Иной раз время словно замирает, земной шар перестает вертеться, и люди цепенеют в задумчивости, опершись об онемелый локоть на зеленом лугу в воскресный послеполуденный час, или о дерево в саду, или о стол, — всюду тишина, и ничего не происходит, ничего, совсем ничего. Человеку кажется, что в такие минуты, а может, всего лишь в отколотые осколки таких минут, никто не родился, никто не умер — вообще ничего не случилось. А иной раз — наоборот: всякая минута наполнена движением и переменой. И не только минута, но и осколки ее, а то и целые часы, дни, недели, месяцы, даже годы наполнены действием, и человек начинает думать, что он уж никогда не остановится, что вся эта суета погубит его и он испустит последний вздох, так и не сумев везде побывать, все увидеть и узнать, завершить то, что замыслил, и начать, что собирался начать… Вот и сейчас так: чего только не произошло на белом свете! Разумеется, и у наших героев тоже за короткий срок многое изменилось, началось и кончилось. Кристина помирилась с Матеем Сроком. Пожар чуть было не истребил часть села, но, к счастью, сгорели только пустой двор, гумно да мякинник. Покос кончился. Валент ретиво взялся учить дочь Гадерпана немецкому, а она его — бренчать на чувствах и на рояле. Ганка Коларова задыхалась от горя. Пекарь Шалбергер почил навеки, и так случилось, что его чуть было не запекли в заквашенном тесте. Само решил жениться и ушел с артелью каменщиков на приработки. Валент снова приступил к занятиям в гимназии. Сверх того — на носу две свадьбы, потому как и Кристина с Матеем Сроком стали заметно поторапливаться. Вернемся, однако, к отдельным событиям и хотя бы вскользь поведаем обо всем по порядку.

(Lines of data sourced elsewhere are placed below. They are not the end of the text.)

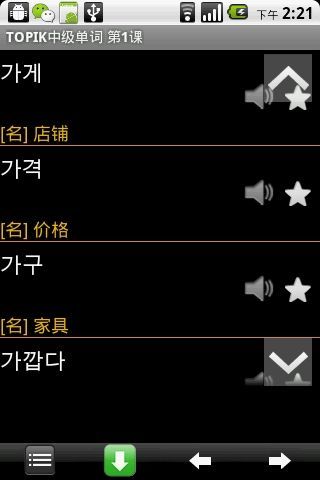 韩语单词天天记支持韩语单词发音,需要网络接入。可以将单词添加到我的收藏夹,以进强化记忆。
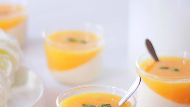 9. 取出凝固的牛奶布丁,倒满芒果泥。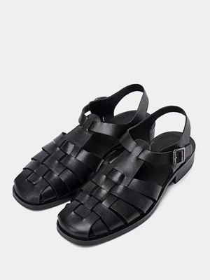 Sandali Con Punta Chiusa In Stile Romano Retrò Fibbia Vera Pelle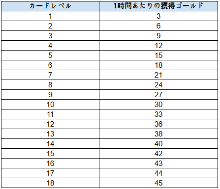 - カードレベルが高いほど、1時間あたりの獲得ゴールドが増加します。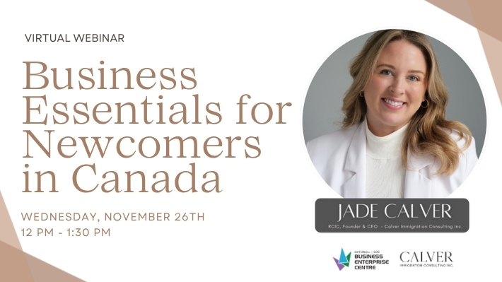 The session will be led by Jade Calver, RCIC and CEO of Calver Immigration Consulting Inc., who brings extensive expertise in immigration and business regulations.

Кристина отправилась с лугов еще засветло, однако время уже клонилось к вечеру. С добрый час она шагала луговой тропинкой, и вдруг перед ней вырос Матей Срок. Она вздрогнула от неожиданности, потом улыбнулась. Улыбнулся и он.

— Косовище сломал, — сказал он. — Надо сходить домой за новым. Можно с тобой?

Кристина кивнула. Матей Срок взял ее за руку и слегка потянул чуть в сторону — где кустарник был погуще. Она не упиралась. Матей привлек ее к себе и горячо зашептал в самое ухо:

— Не вытерпел, так захотелось хоть прикоснуться к тебе. И косовище нарочно сломал, и жду тебя уже целый час! А смог бы и два, и до утра. Моя ты, моя!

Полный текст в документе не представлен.